External Redirect

Reference

Plugin Id: 20019

Resource

https://expressjs.com/en/5x/api.html#res.redirect

Remediation

To prevent this type of issue, limit redirects to relative paths or to a mapping of URLS to URL IDs to prevent URL from being input by users. If user input MUST be passed, be sure to validate the resources are located where you intend them to be; i.e. strip protocol information if found if all of your redirects should be local.

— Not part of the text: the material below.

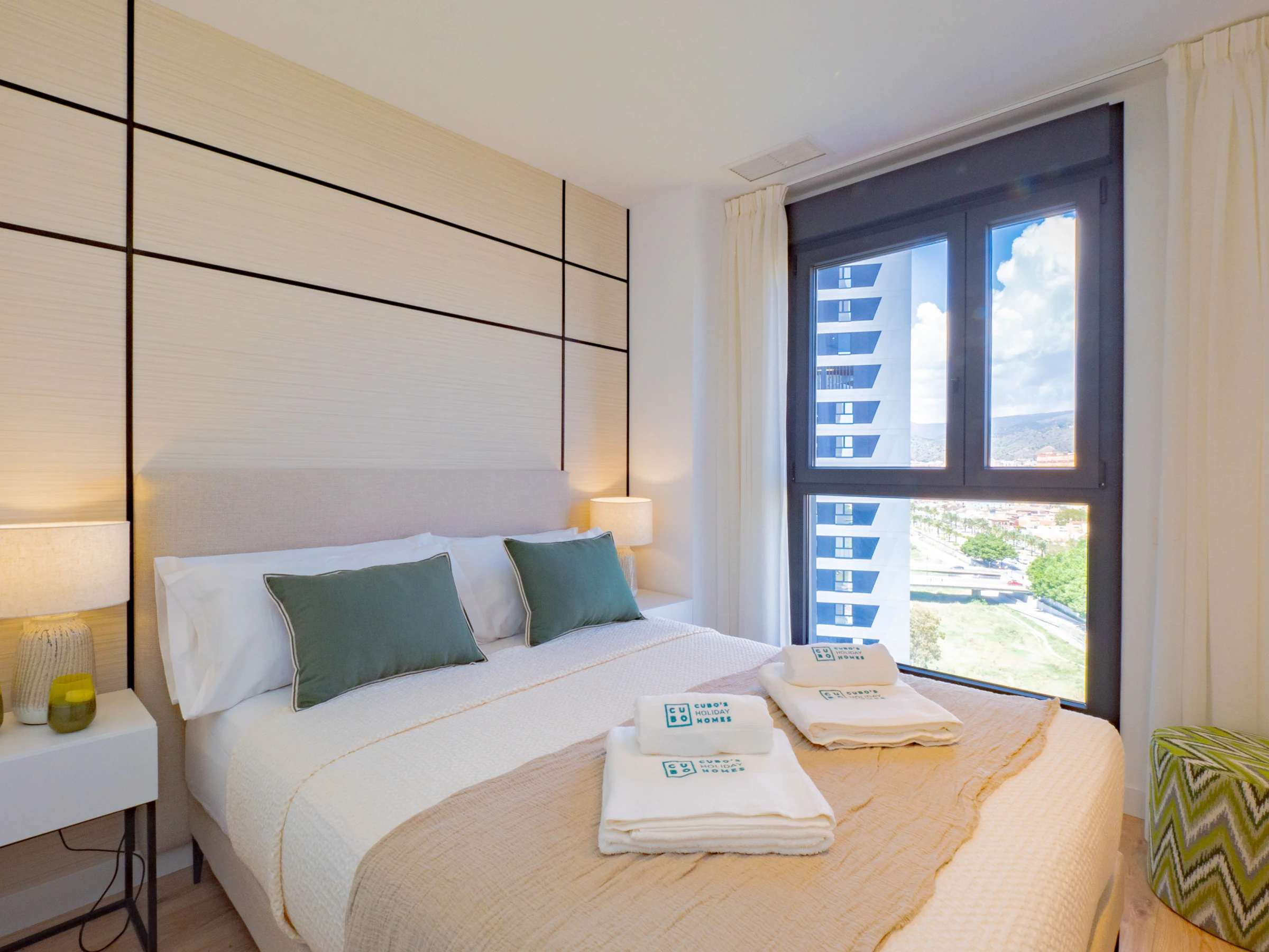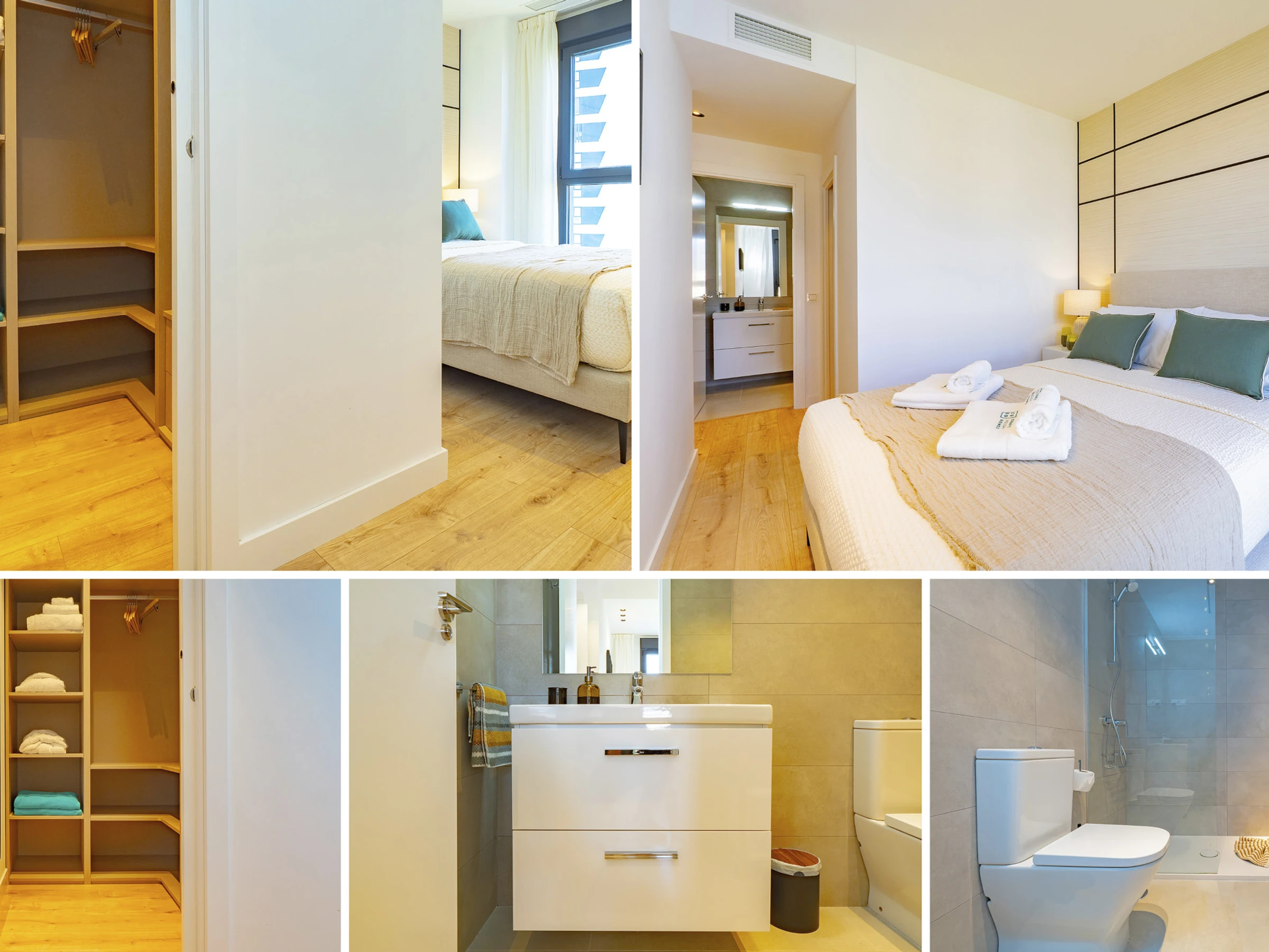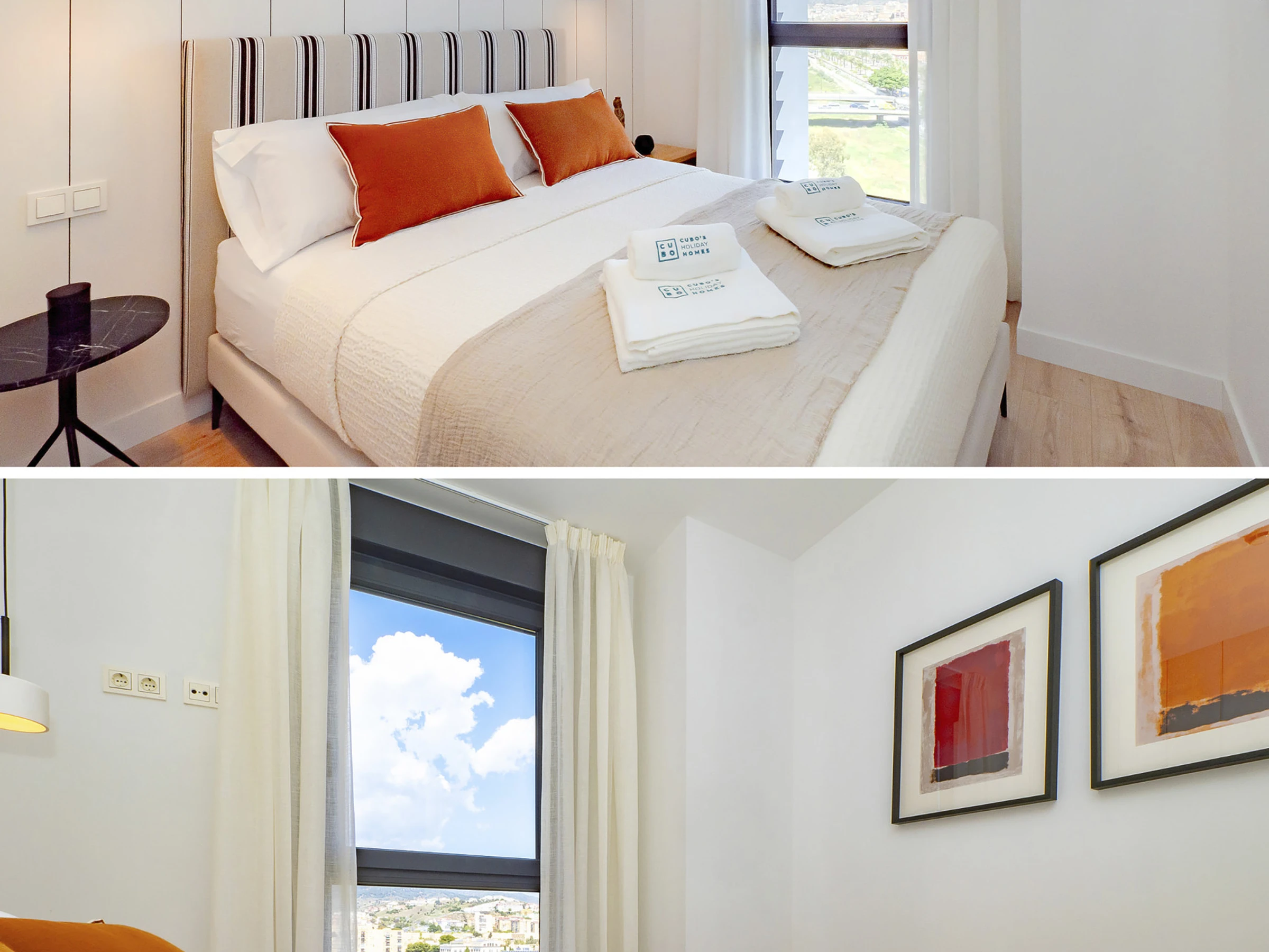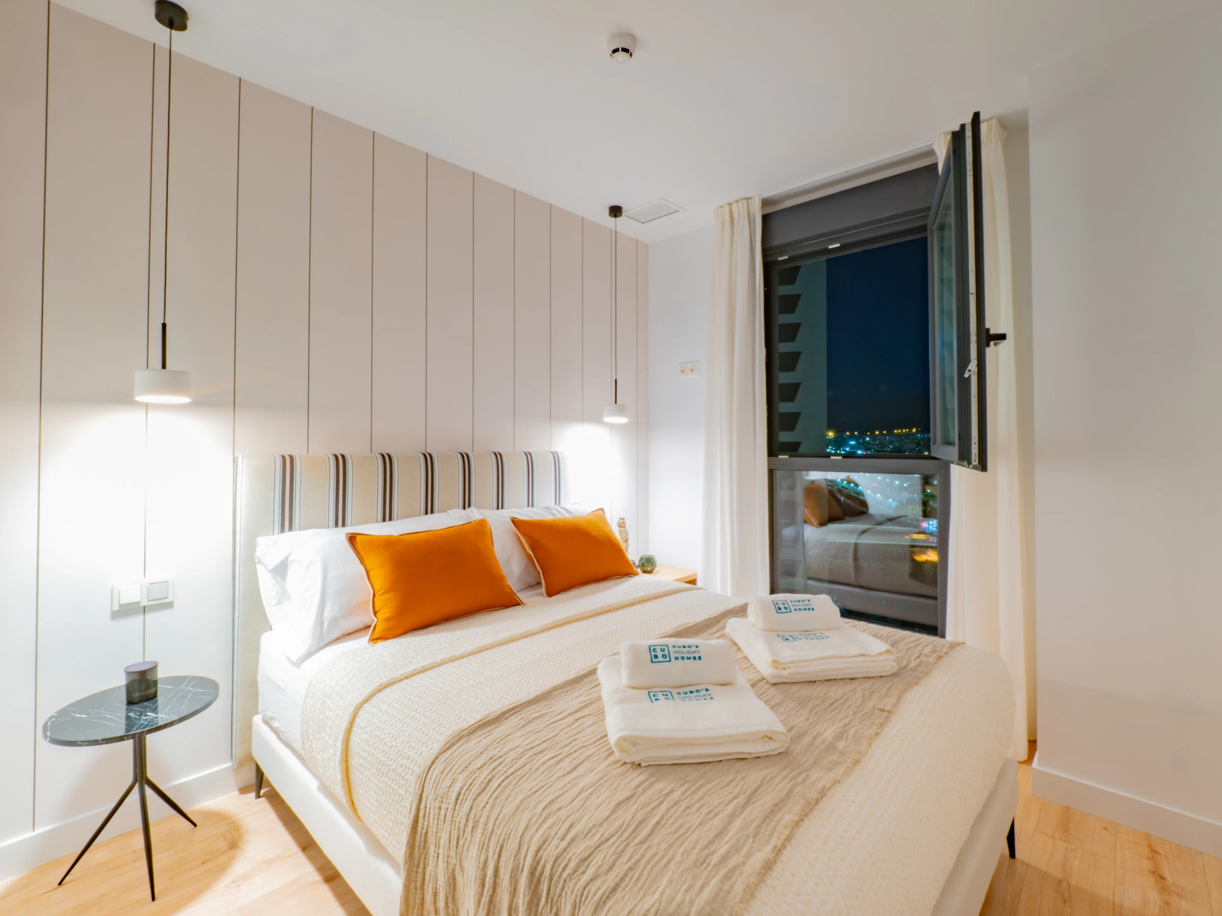Diese Luxus-Ferienwohnung für 6 Personen befindet sich im emblematischen Viertel Martiricos, nur 15 Gehminuten von der lebhaften Calle Larios entfernt. Er liegt im zwölften Stock der Martiricos-Türme und bietet ein einzigartiges Erlebnis mit Panoramablick auf Málaga und einem eleganten, sorgfältig gestalteten Innenraum. Mit 98 m² verfügt die Unterkunft über drei Schlafzimmer: zwei mit Doppelbetten (eines mit eigenem Badezimmer) und ein drittes mit zwei Einzelbetten, die einen komfortablen und privaten Aufenthalt für alle Gäste gewährleisten.

Example of limiting redirects to relative paths:

// Get the redirect URL from user input
$redirectUrl = $_GET['redirect'];

// Validate that the redirect URL is a relative path
if (strpos($redirectUrl, '/') === 0) {
    // Redirect to the relative path
    header('Location: ' . $redirectUrl);
} else {
    // Handle the error or redirect to a default page
    // ...
}

Example of using a mapping of URLs to URL IDs:

// Define a mapping of URL IDs to URLs
$urlMapping = [
    '1' => 'https://example.com',
    '2' => 'https://example.org',
    // ...
];

// Get the URL ID from user input
$urlId = $_GET['urlId'];

// Validate that the URL ID exists in the mapping
if (isset($urlMapping[$urlId])) {
    // Redirect to the corresponding URL
    header('Location: ' . $urlMapping[$urlId]);
} else {
    // Handle the error or redirect to a default page
    // ...
}

About

The vulnerability “External Redirect” occurs when an attacker is able to manipulate the redirect URL in an application. This allows the attacker to trick users into following links to malicious resources from an application they trust.

Risks

An attacker can use this vulnerability to deceive users into visiting malicious websites or downloading harmful files. This can lead to various security risks, such as:

Phishing attacks: The attacker can redirect users to fake websites that mimic legitimate ones, tricking them into entering sensitive information like passwords or credit card details.
Malware downloads: The attacker can redirect users to websites that automatically download malware onto their devices, compromising their security and privacy.
Drive-by downloads: The attacker can redirect users to websites that exploit vulnerabilities in their browsers or plugins, leading to the automatic download and execution of malicious code.
Browser hijacking: The attacker can redirect users to websites that modify their browser settings, such as changing the default search engine or installing unwanted browser extensions.

It is important to address this vulnerability to protect users from falling victim to these risks.